= International Council of Women of the Darker Races =

American organization for black women

The International Council of Women of the Darker Races (ICWDR) was an organization for black women based in the United States and headed by Margaret Murray Washington. In existence from 1922 to 1940, the ICWDR was "the first autonomous international organization among African American women".

==History==
The International Council of Women of the Darker Races was formed after the 1922 meeting of the NACW in Richmond, Virginia. Margaret Murray Washington appears to have had the idea of such an organization in mind for some time. At the ICWDR's founding meeting, Washington was elected president.

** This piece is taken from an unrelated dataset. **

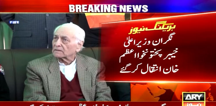 PESHAWAR: Caretaker Chief Minister of Khyber Pakhtunkhwa Muhammad Azam Khan passed away in Peshawar on Saturday, ARY News reported.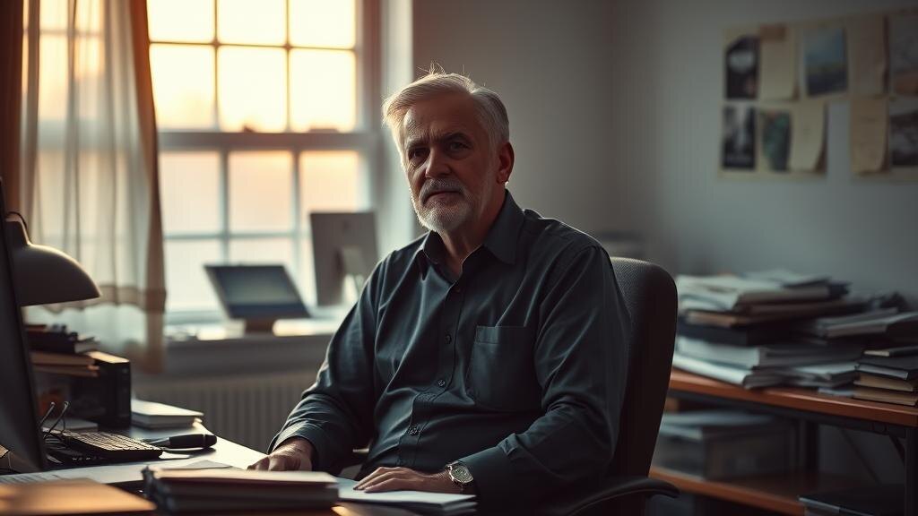 Он вспоминает, как утром не успел допить кофе, как Светлана приносила бумаги, как начальник упрекал его при всех. Всё это складывается в цепь, которую хочется разорвать. Бумаги с пометками лежат стопкой, как немой укор, а пальцы дрожат, когда он тянется к клавиатуре.

Other officers appointed were Mary Church Terrell, Addie Hunton, Elizabeth Carter, Charlotte Hawkins Brown, Mary S. Josenberger, Nannie Burroughs, Lugenia Burns Hope, Addie Dickerson and Emily Williams. Adelaide Casely Hayford, visiting from Sierra Leone, was also a founding member.

The ICWDR initially concentrated on education, developing a program of black literature and history, and supporting Casely Hayford's school in Sierra Leone. After Washington died in 1925, Addie Hunton became president. In 1928 she was succeeded by Addie Dickerson of Philadelphia. After Dickerson died in 1940, the ICWDR did not survive her.